Stainless Steel Countertop Options
Stainless steel countertops are commonly custom made. Aside from getting the specific size that you need, you can also customize the look of your stainless steel countertop. You can add more features or design options to make it look more attractive.|
You can add texture and life to your stainless steel countertop by having the edges detailed. Edge detailing comes in two forms: acid-etched detailing or vinyl stick-on edge detailing.
In acid etching or acid streaking, acid is used on the stainless steel countertop to create permanent streaks on the stainless steel surface. The acid eats away at the chromium oxide layer which is the armor plating that makes stainless steel shine, rust-resistant, and corrosion-resistant. The acid also causes the metal to dull a little, giving it more texture and difference in luster. Skilled craftsmen and professional builders can do this by hand.
The difficult part about acid etching is getting the acidity level just right. A relatively weak citric acid or ascetic acid solution is usually used for etching. If the acid is too strong, it can completely eat away at the chromium oxide and expose the sensitive metal within. On the other hand, if the acid is too weak, it may not leave any marks at all.

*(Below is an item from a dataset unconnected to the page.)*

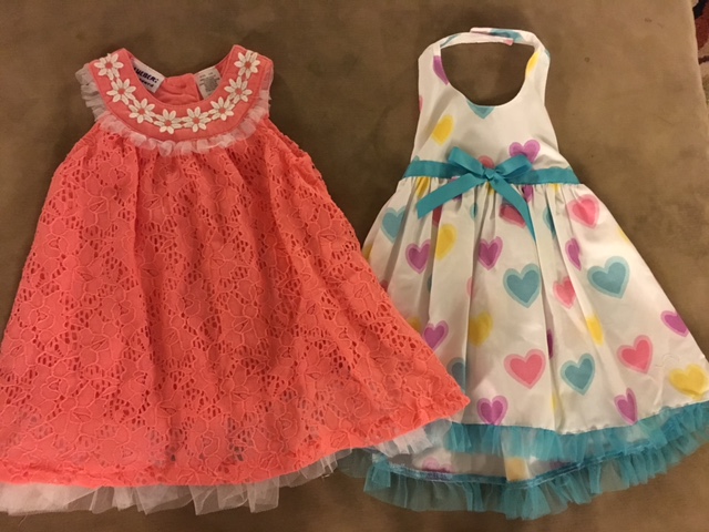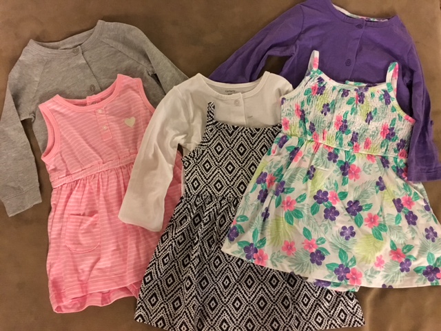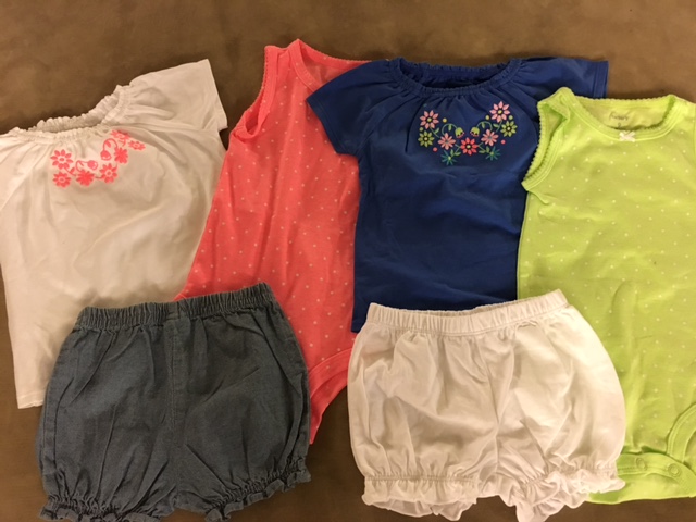 And then the clothes. Since I wasn’t exactly sure what her size is, I also don’t know exactly when she’ll be coming home, I decided to put number of different outfits of different sizes, as well as planning for the weather. I started with some nine-month short outfits that I found on sale. I hope that she can at least get a couple uses out of these.

You can enjoy having acid etching done on your stainless steel countertop because it allows you to customize the designs of the etching. You can have any kind of design etched on the surface. However, this procedure takes great skill and precision and can increase the cost of your stainless steel countertop substantially.
If you are on a budget and cannot afford acid etching, you can still have your stainless steel countertop designed with vinyl stick-on borders. These design borders are strips of vinyl with one side inlaid with designs and the other coated with a strong adhesive. They are very affordable, but the design choices are limited.
Your stainless steel countertop comes as a single piece of fabricated metal. Unlike stone countertops, it does not have gaps so it does not have seams. However, installing a countertop onto a surface that is flush against a wall can leave a gap between it and the wall. In this case, you can use rubber seams to close this gap.
These rubber products are curved and have a rough L shape. You can install them by using adhesives. One section of the L should lay flat on the stainless steel countertop surface while the other should curve into and up the wall. Using rubber seams prevents moisture from seeping into the gap between the wall and the countertop.
You can add washbasins, sinks, and dish-drying surfaces to your stainless steel countertop. These additions are usually molded directly into the raw stainless steel sheet. Additional drainage holes can be cut into the steel, if necessary.